At the same time, there's been acknowledgment that the forms of illness encountered in reality don't really map on well to diagnostic categories. So rather than major depression and generalized anxiety disorder, it's more like there are levels of general distress, and specific problems with low positive emotion, or high negative emotion, or arousal. This has contributed to things like the NIH RDoC initiative.
These two things have sort of combined to lead to a lot of questions about what antidepressants are actually doing, in terms of how it's affecting dimensions of mood and other areas of functioning, thought of in a more detailed way. So in this study rather than targeting a specific diagnostic population, they did a randomized controlled trial of a heterogeneous group of patients, and then assessed antidepressant effects on distress and well-being in a more detailed, comprehensive way than the typical diagnostic assessment.

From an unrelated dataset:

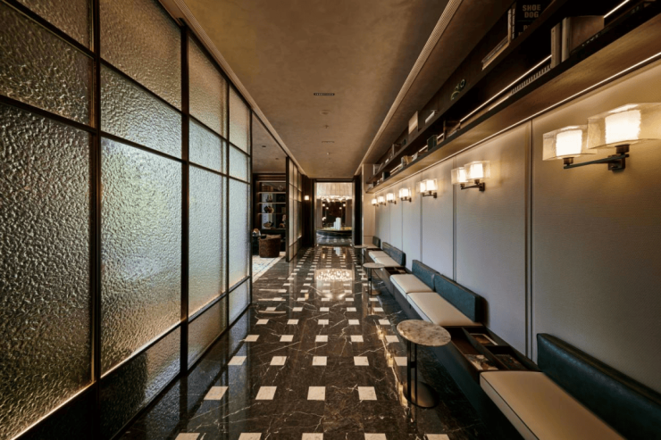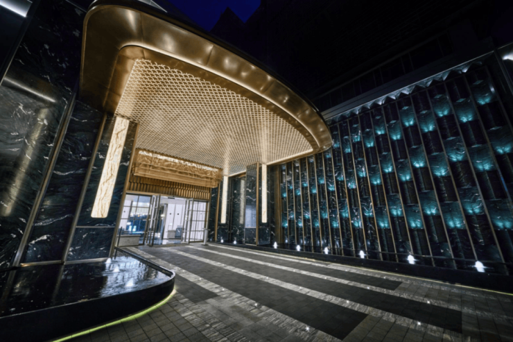 门庭巨幅奢石景墙,与光影交织,尽显奢雅。并且它还不是普通奢石,它的等级更高。每一块「百达翡绿」都是精挑细选,几何的构建、才有了现在如翡翠肌理的立体效果,这是普通石材铺装完全不能比拟的。

The results aren't really surprising but are interesting to think about in the context of these issues. For instance, it's not surprising that antidepressant effects might manifest in well-being or anxiety measures, because general anxiety and depression measures can be correlated as high as .8 or .9, and well-being, while less correlated, still tends to tag along. From a replicability standpoint it raises some interesting issues because there's sort of a "fishing expedition" given all the measures, even though things were preregistered, which is worth some discussion, but the effects are all in the anticipated direction even if not significant, raising the question of whether or not p-values really are the most important thing in general.
Overall the study is one piece, but it fits together with a more general body of evidence suggesting that antidepressants are really fuzzy in their effects, and might better be thought of as "antidistress" agents, or as having a general calming effect. Not mind-blowing, but does contradict the way the meds are typically portrayed in public discussion.